Recently I had the chance to investigate a Piper Autocontrol III (which is a rebadged Century II) 2-axis autopilot. The unit was installed in a Piper Cherokee and had been placarded “Autopilot inop”. The owner reported that avionics shops considered the unit not worth repairing and offered it to me to look at. I enjoy getting old electronics working (I had just finished restoring a 1947 radio), so I accepted the challenge!

Preliminaries and disclaimers

The regulations on installing and repairing avionics are quite strict in most countries (somewhat less strict in the UK if your aircraft is operated on a Permit To Fly), so don’t treat what follows as an invitation to do-it-yourself. If you have a Century autopilot and you live in the USA then Autopilots Central may be able to perform any necessary repairs.

These old autopilots are nowhere near as sophisticated as modern ones and you should expect them to fail at any time. They are unaware of airspeed. At least one fatal accident in the UK occurred when an old autopilot was used to maintain climb angle after take-off into IMC. The engine suffered a partial power failure, which the pilot didn’t notice in time, and the autopilot trimmed the aircraft into a stall.

So in my opinion these old autopilots should only be used in the en-route phase of flying, and auto-trim (if provided) should be turned off.

Although the following relate to the Century II autopilot and the 1C338 amplifier, the Century III with 1D395 or 1C515 amplifiers works on similar principles. The attitude channel in these amplifiers is similar to the roll channel. The oscillator is common to both channels.

Initial tests in the aircraft

The most basic ground test is to ensure that the AI is aligned at least approximately, engage the autopilot in roll mode, listen for a click as the roll servo engages, check that the yoke becomes stiff to turn, then operate the roll knob and see if the yoke turns as the autopilot attempts to level the wings. For this particular unit, the roll servo did engage but the yoke didn’t turn.

Faults in Century II and III autopilots are typically caused by amplifier faults or by bad connections in the circular connectors in the wiring loom. See my earlier post for more. As the autopilot hadn’t been used for an unknown number of years, I decided to test the amplifier.

This Piper Autocontrol III system has the amplifier built into the control console. It was easily removed and taken to the electronics workbench for investigation.

Visual inspection

The console was labelled as a 1C338. The schematic, parts list and some other details of this unit are included in document 68S54 which is available on the Internet. There are two different schematics shown for the 1C338. The differences between them include the following:

  • The first one uses two non-polar electrolytic capacitors, where the second one uses pairs of back-to-back polarised electrolytic capacitors
  • The PNP transistors in the oscillator circuit driving transformer T1 are MPS6519 transistors in the first but 2N4403 in the second
  • The NPN transistor that drives transformer T2 is MPS6515 in the first one but 2N4410 in the second

This amplifier corresponded to the first schematic. These differences were correlated to the faults that I found, as will be seen later.

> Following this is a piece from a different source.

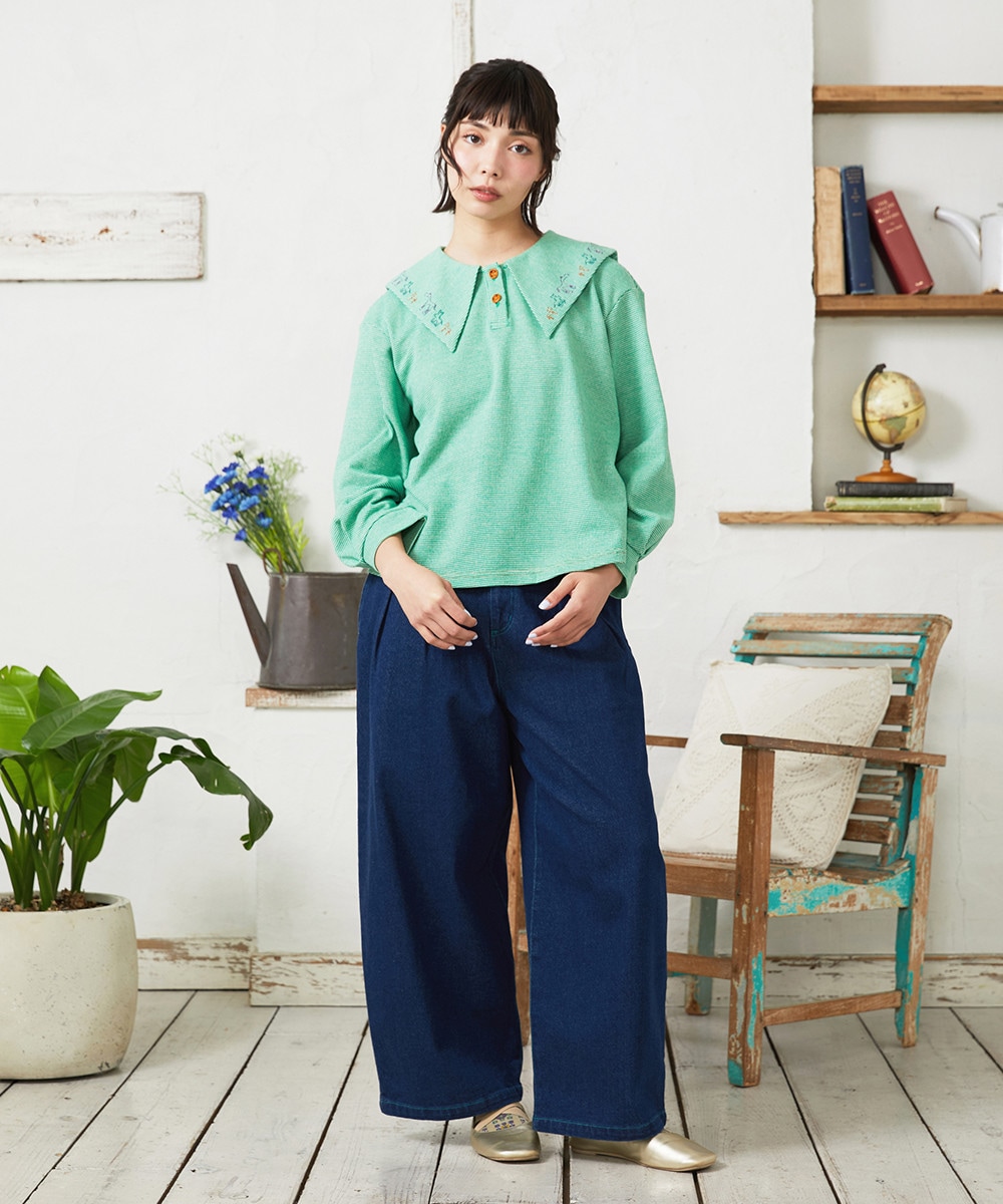 Aventura アニマルアップリケパーカーと同素材のカットソー。大きめの襟がデザインポイントで、後ろ側はセーラー風にしています。襟端にぐるりと施したライン刺繍のモチーフが華やかさをプラス◎ポロシャツのように気軽に着用してほしいひと品です。

Inspecting the amplifier revealed that it used a single-sided epoxy glass PCB with rivets inserted where wires were attached. The underside (but not the top side) was coated with a clear lacquer. The parts list mentions this is “anti-fungal” and it should therefore be assumed to be potentially hazardous to health. It can be removed where necessary for component replacement using acetone and cotton buds.

There were no signs of scorching on the board. The components looked OK except that one black cylindrical capacitor had split. This turned out to be a 50uF 5V non-polar electrolytic. More about this later.

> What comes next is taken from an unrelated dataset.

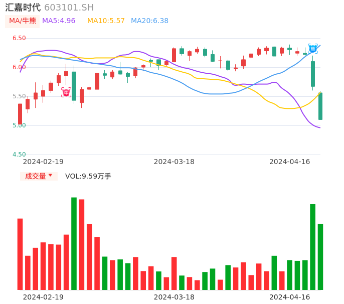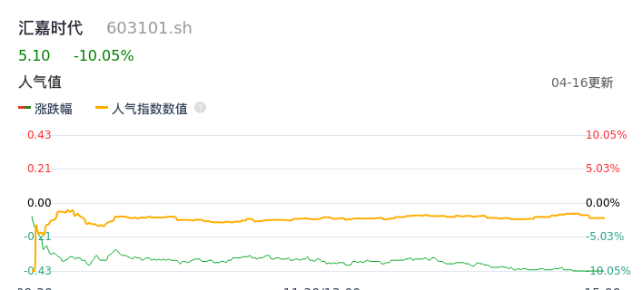04月16日,汇嘉时代收报5.10,股价涨幅-10.05%,成交金额4993.26万元,换手率2.04%。

The resistors all appeared to be of the old carbon composition type but none showed signs of overheating or cracking.

Electrical inspection

The servo motor output transistors are known to be a common failure point in these old autopilot amplifiers. Using the diode check function on my multimeter, I tested the base-emitter and base-collector junctions of the four 2N3055 transistors in-situ. Three of them measured OK but the fourth measured an abnormally high base-emitter voltage (greater than 1V) and a slightly high base-collector forward voltage. I replaced all four of them. Each transistor had two mica washers between it and the heatsink, with no silicone grease or other thermal compound used.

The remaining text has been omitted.